The Monday Book falls on a Tuesday this week due to Celtic Festivals and kitten spays.

suiteIrene Nemirovsky was a Ukranian-born Jewish woman who lived in Paris and enjoyed a successful writing  career. She planned five short novels to be part of a book titled Suite Francaise, but she had only written two and drafted the third when she was rounded up, deported, and murdered.

What’s amazing about the first novel “Storm in June” is how accurately it describes something ongoing. Nemirovsky never got the luxury of time to contemplate what she saw, so her characterizations of the upper class family, the pompous writer, the sweet middle-class couple, and the nasty antiques dealer fleeing (or trying to flee) Paris sprang almost fully formed as she watched it unfold in front of her.
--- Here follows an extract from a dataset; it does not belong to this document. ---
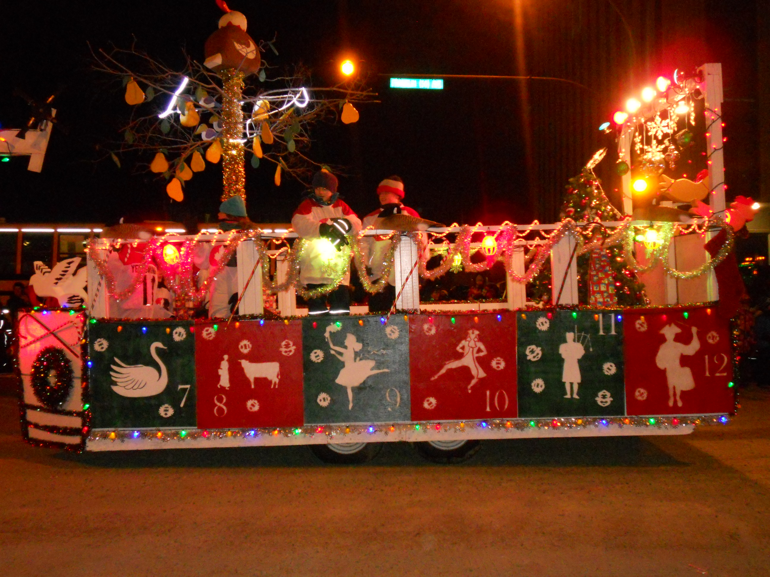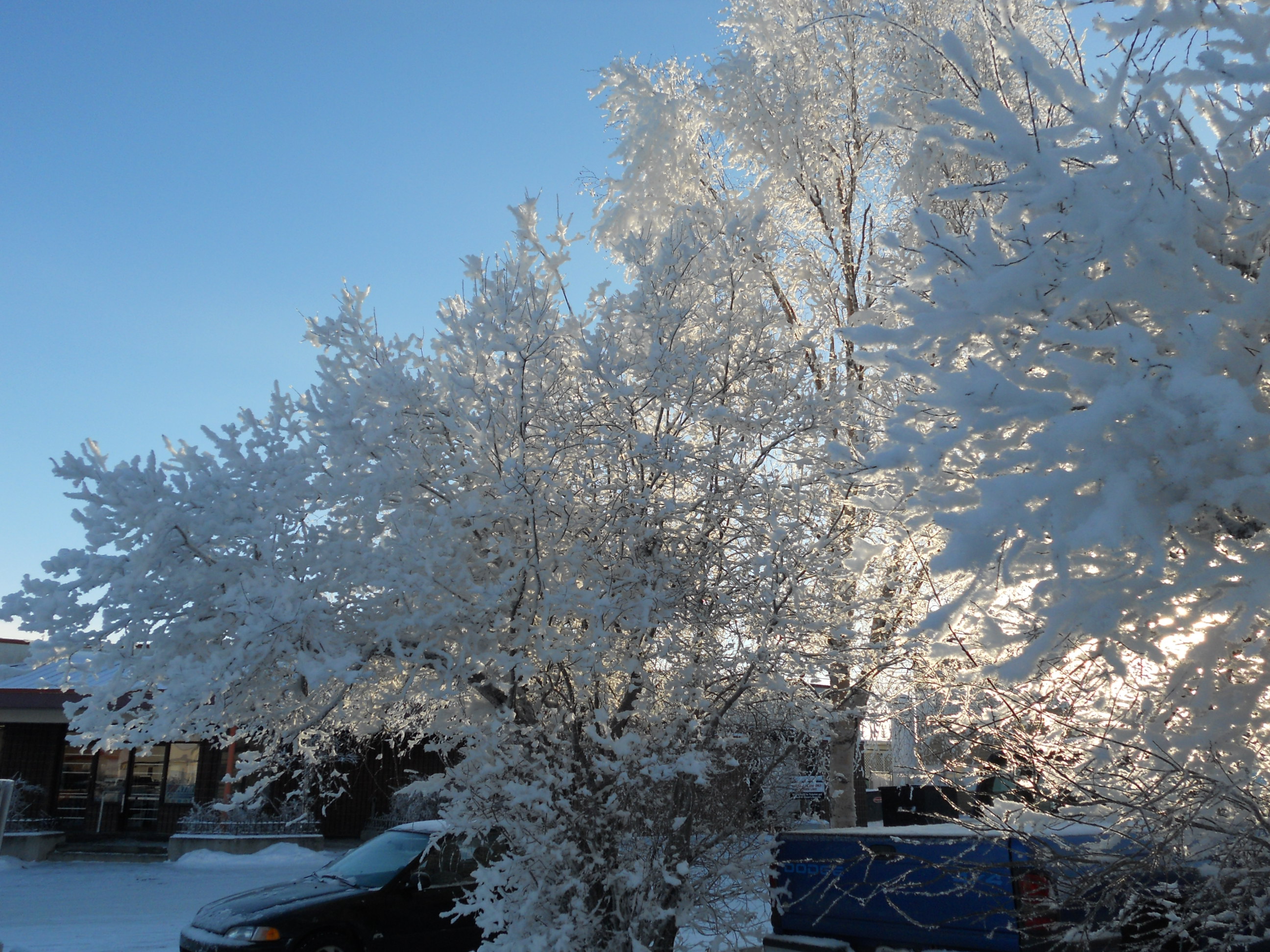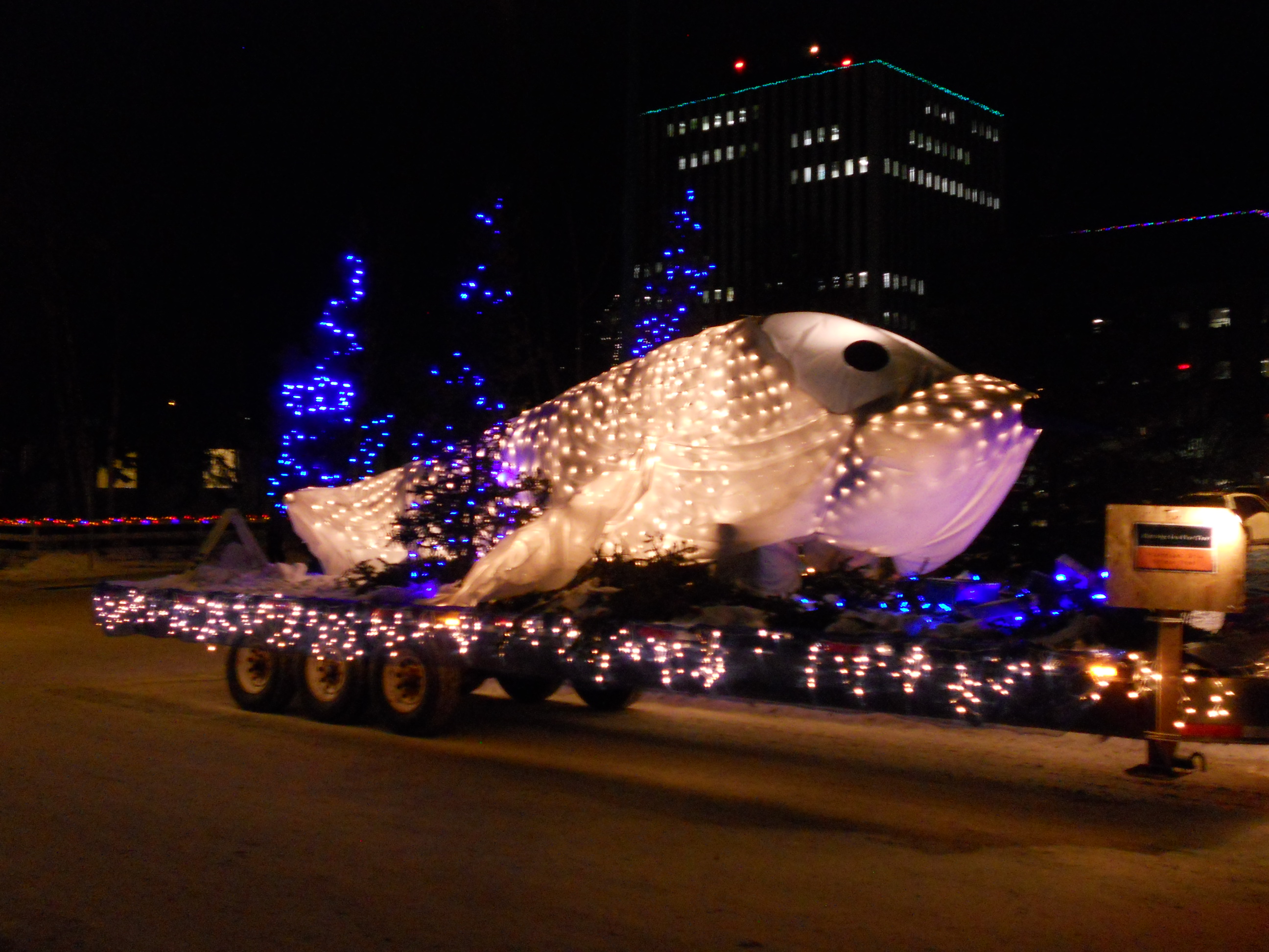 Before we could blink twice after Hallow’een we were into Christmas, and as I’ve informed several curious or bantering friends, there are no polar bears in Yellowknife, so the Santa Claus parade was held as usual. It strikes me as a bit odd that it’s held at night, given that the target audience is children. It’s not as if there’s a ton of traffic to divert. I’m guessing that it’s to show off the Christmas lights to the maximum. It was held on November 15th, by which time the temperature had suddenly plunged, the snow was definitely on the ground to stay and there was hoarfrost on the trees.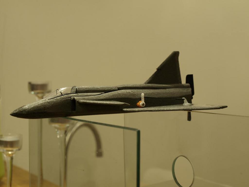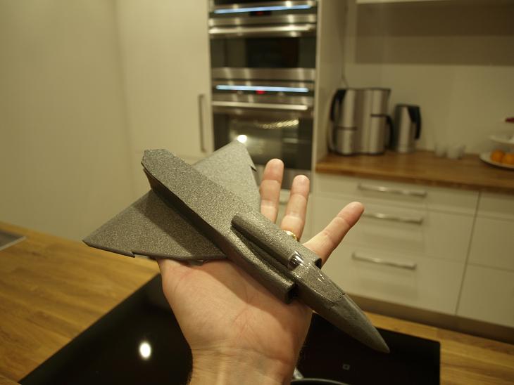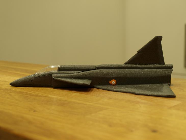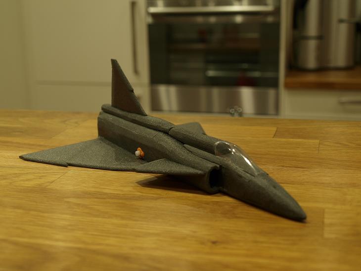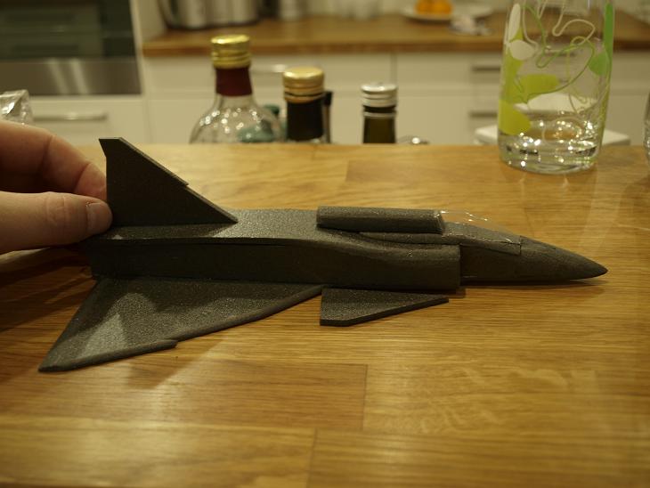Nu börjar det ju faktiskt se ut som en viggen. En del finlir är ju kvar och så funderar jag på hur jag skall göra med undersidan. Jag tror att jag håller mig till ursprungsplanen och gör ett lager med depron i mitten som slipas ner rejält till en rundad form trots att det väger lite. Det är ju inte snyggt med en helt platt undersida.

I wonder who (or how many) of her colleagues she skewered in the darkly hysterical portrait of the famous author and his mistress as they flee, first in pomp and style, then with whatever diminishing wits they can gather about them.

Then there’s “Dolce,” from which a film is/has been made. It’s more of an expected war story: women whose husbands are prisoners in Germany house German officers as occupiers; add community sentiment and stir. It’s fairly predictable. But “Storm in June” is amazing in its details of what human hearts turn into when combined with fear, breakdown of social order, and a few sudden chances to change everything. Nemirovsky saw through a lot of veneers.

The manuscripts were finally published in this century, when her daughter opened the suitcase and read them, realized they were novels rather than journals, and sent them to Denoel, a large publishing house. “Storm in June” is pretty much genius, making you laugh and sob at the same time.

How many people did we lose in that storm, who would have made us laugh or cry today?